The scriptAuditLogger class that is passed into script function supports the following methods for sending messages to the unit of work log:
Table 1. Methods that support the scriptAuditLogger class
Method Description Example
void info(String message) Sends an audit log message to the UOW log. scriptAuditLogger.log(“This message will appear in Unit of work log”);
void error(String message, Exception exception) Sends an audit log error message to the UOW log. scriptAuditLogger.error(“This operation has failed”, e);
The deviceInterface class that is passed into the script function provides the ability to send native commands to the network resource. The following table describes the methods for sending native commands to a network resource.

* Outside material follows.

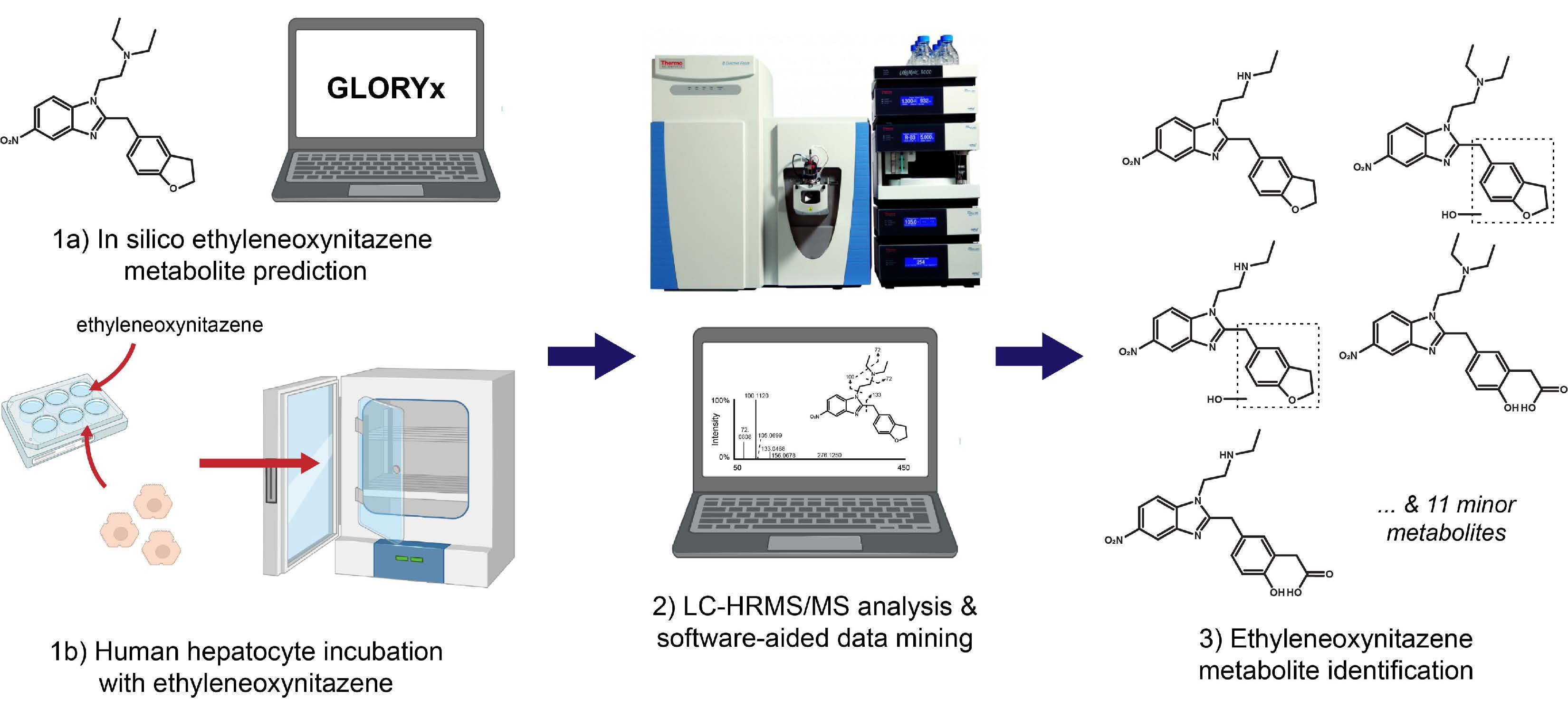 - Magny, R.; Schiestel, T.; M’Rad, A.; Lefrère, B.; Raphalen, J.-H.; Ledochowski, S.; Labat, L.; Mégarbane, B.; Houzé, P. Comparison of the metabolic profiles associated with protonitazene and protonitazepyne in two severe poisonings. Metabolites 2025, 15, 371. [Google Scholar] [CrossRef]

Table 2. Methods that support the deviceInterface class
Method Description Example
String send(String command) Sends a command to device and returns response. var response = deviceInterface.send(“show ip interface brief”);
String send(String command, String responseRegExp) Sends a command to device and returns result of running a regular expression on the response. Only the first group match is returned. var response = deviceInterface.send(“show ip interface brief”, “^(\w+)\s”);
String sendAndExpect(String command, String expectedResponse Sends a command to a device, waits for the expected response, and returns the device's response. Use this method when an interactive command is to be sent. deviceInterface.sendAndExpect("copy run start", "[startup-config]?"); deviceInterface.send("\r");
String sendAndExpect(String command, String expectedResponse, String responseRegExp) Sends a command to a device, waits for the expected response, and returns the result of running a regular expression on the response. Only the first group match is returned. Use this method when an interactive command is to be sent.  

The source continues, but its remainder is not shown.